Il y avait deux théâtres d’opération où l’obusier M-1 était transporté comme prévu à l’origine — sur le dos d’une mule. En Italie, le terrain montagneux empêchait de remorquer les canons avec des jeeps ou des camions, et les mules étaient rappelées en service. Les merveilles à quatre pattes étaient utilisées pour transporter des armes à feu ainsi que des cargaisons générales et des victimes. L’artillerie de la 10e Division de montagne était équipée d’obusiers de meute en quatre bataillons, chacun avec 12 obusiers et une section vétérinaire pour soigner les animaux qui soutenaient la batterie. Outre les six mules qui transportaient l’arme elle-même, cinq autres étaient nécessaires pour transporter des munitions et une pour transporter des outils et d’autres équipements.
L’autre front de bataille où les écorcheurs de mules ont mis en jeu l’obusier compact était le Théâtre Chine-Birmanie-Inde. Ici, la 5307e unité composite (Provisoire), les célèbres « Maraudeurs de Merrill », a utilisé deux obusiers de meute pour fournir un appui-feu rapproché en avril 1944. L’homonyme de l’unité, le brigadier général Frank Dow Merrill, a demandé que les deux canons soient envoyés à l’unité à Hsamsingyang, en Birmanie. Les équipages d’artillerie étaient formés d’hommes qui avaient auparavant servi dans des unités d’artillerie de meute. Les deux canons ont été largués en parachute et étaient en action dans les deux heures. Ils se sont révélés populaires auprès des troupes et ont rapidement gagné le surnom de « the fatboys ». »

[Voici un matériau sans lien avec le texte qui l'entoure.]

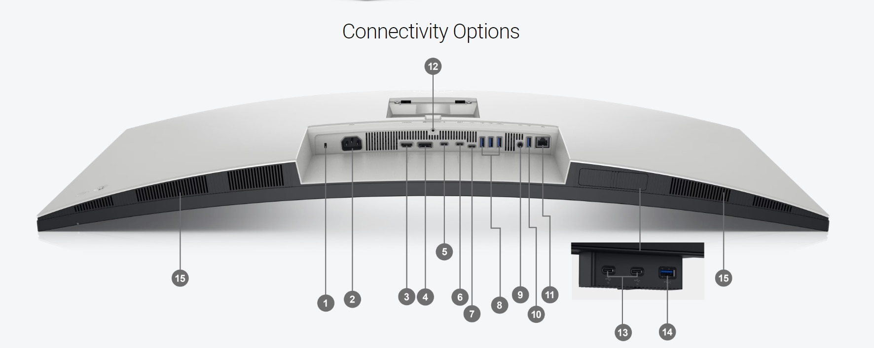 11. RJ45 port 12. Stand lock 13. 2 x USB Type-C downstream port (SuperSpeed USB 10 Gbps, USB 3.2 Gen2) with power charging (15W) 14. USB Type-A downstream port (SuperSpeed USB 10 Gbps, USB 3.2 Gen 2) with BC1.2 power charging 15. Speakers

Les deux obusiers de la meute ont été utilisés dans un rôle de tir direct pendant les combats en Birmanie, plutôt que dans la méthode traditionnelle de tir indirect consistant à faire des tirs d’arc sur une cible au-delà de la portée visuelle. Souvent, les canons visaient directement des cibles à vue. Les transcriptions radio témoignent de l’utilité de ces armes. Pendant les combats de Hsamsingyang, les canons ont tiré sur des piluliers dans les lignes japonaises, marquant un coup direct sur l’un et forçant l’ennemi à sortir de l’autre. Les canons se sont également révélés utiles contre les nids de mitrailleuses. Quand un lieutenant a vu de fortes positions japonaises sur une colline et a commencé à prendre feu, il a appelé les obusiers de la meute, disant: « Les Japs sont en force sur la colline suivanteput mettez des fatboys sur la colline pour nous. »Les hommes qui se battent sur les lignes de front ont réclamé des obusiers de meute à maintes reprises pendant la bataille, en fonction de leur puissance et de leur précision pour soutenir leurs attaques et défendre leurs positions.
L’obusier du pack M-1 était utile sur tous les fronts malgré son calibre relativement petit. Il est toujours en service aujourd’hui en tant que canon de salut M-120, utilisé lors des cérémonies militaires avec des munitions à blanc — un dernier salut en soi à une conception éprouvée et testée.